Il est temps que la stratégie de sûreté maritime de l'Union européenne, en préparation depuis 2010, aboutisse. Les chefs d'Etat et de gouvernement devront prendre position. Nos partenaires, dont beaucoup ont des intérêts maritimes, doivent mesurer l'ampleur des défis, à commencer par la liberté de circulation. Il y a là un intérêt de sécurité que la définition d'une stratégie aidera à garder à l'esprit.
Dans les Balkans, l'Union européenne peut et doit assumer un rôle croissant en matière de sécurité. La KFOR assure pour l'essentiel des missions qui ne sont pas, stricto sensu, militaires. Ces missions, s'il ne tenait qu'à nous, pourraient être reprises par l'Union européenne. Mais beaucoup de nos partenaires, en Europe et dans l'Otan, n'y sont pas prêts. Nous ne parviendrons donc pas au consensus, mais affirmer que l'Union européenne doit prendre davantage de responsabilités dans les Balkans n'en ouvrira pas moins une perspective de long terme.
Pour ce qui concerne les capacités, nous entendons nous concentrer sur les projets qui apportent une vraie valeur ajoutée. Le centre de commandement du transport aérien d'Eindhoven, l'EATC (European Air Transport Command), vaut d'être élargi. Plus le champ des pays sera large, plus nous ferons d'économies. Parallèlement, un élargissement fonctionnel nous aiderait à muscler le ravitaillement en vol, grâce à la mutualisation.
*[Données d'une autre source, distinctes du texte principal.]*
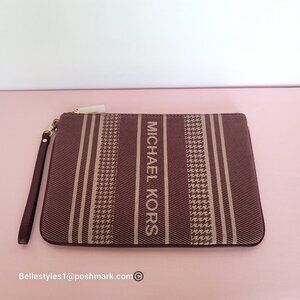 MICHAEL KORS Jet Set Signature Jacquard Large Zip Pouch Wristlet- Dark Berry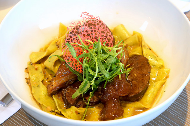 雖然是秀色可餐,但我們還是得吃點可以填飽肚子的東西,先來看這道非常非常犯規的【采采牛筋牛肉麵】!宗山主廚說:「其實就是我們台灣的牛肉麵,但是我做了點變化,加些動物性鮮奶油、黑松露,讓它有中西合併的氛圍。」這牛肉、這牛筋真的很入味,搭配寬麵在一起,大叔的好鄰居劉永華這個山東老鄉來吃都會流淚啊!
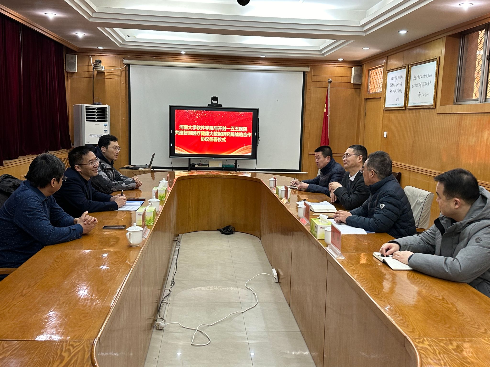 为了加强与开封一五五医院在智慧医疗和健康大数据领域深度合作,共同推进医疗卫生领域技术创新与产业发展,1月22日上午,软件学院与开封一五五医院共建智慧医疗健康大数据研究院合作协议签约仪式在开封一五五医院举行。开封一五五医院院长郭长升、党委书记侯俊清、副院长石磊、信息科主任夏超,软件学院院长何欣、副院长左方出席此次签约仪式。

Nous avons beaucoup oeuvré, au ministère, pour lever les barrières, afin d'arriver à des solutions pragmatiques.
Nous travaillons à faire avancer le volet ravitaillement et avons pris, au-delà, une décision patrimoniale. Nous avons formulé des propositions. En particulier, la mise à disposition de nos capacités de soutien logistique et de maintenance pour les pays qui choisiraient le même avion. En matière de transport et de ravitaillement, la mutualisation peut donner une réelle impulsion.
Troisième grand volet, les drones. Il s'agit pour nous de conforter l'Agence européenne de défense en matière de certification et de navigabilité, d'avancer sur la question du drone Male, mais aussi sur celle des drones de surveillance de troisième génération. Il serait bon que les chefs d'Etat et de gouvernement décide de travailler de concert sur cette question. Pour commencer, l'AED pourrait engager un travail de spécification de base.
Nous entendons recourir aux fonds de la Commission européenne. Sur la troisième corbeille, des divergences demeurent entre Etats membres, mais nous souhaitons que les chefs d'Etat et de gouvernement soulignent la contribution de la base industrielle et technologique de défense européenne à la sécurité, à l'autonomie stratégique, à l'emploi. Ce, afin de progresser sur la définition du périmètre, comme sur l'opérateur européen. Nous manquons, aujourd'hui, d'une perception commune.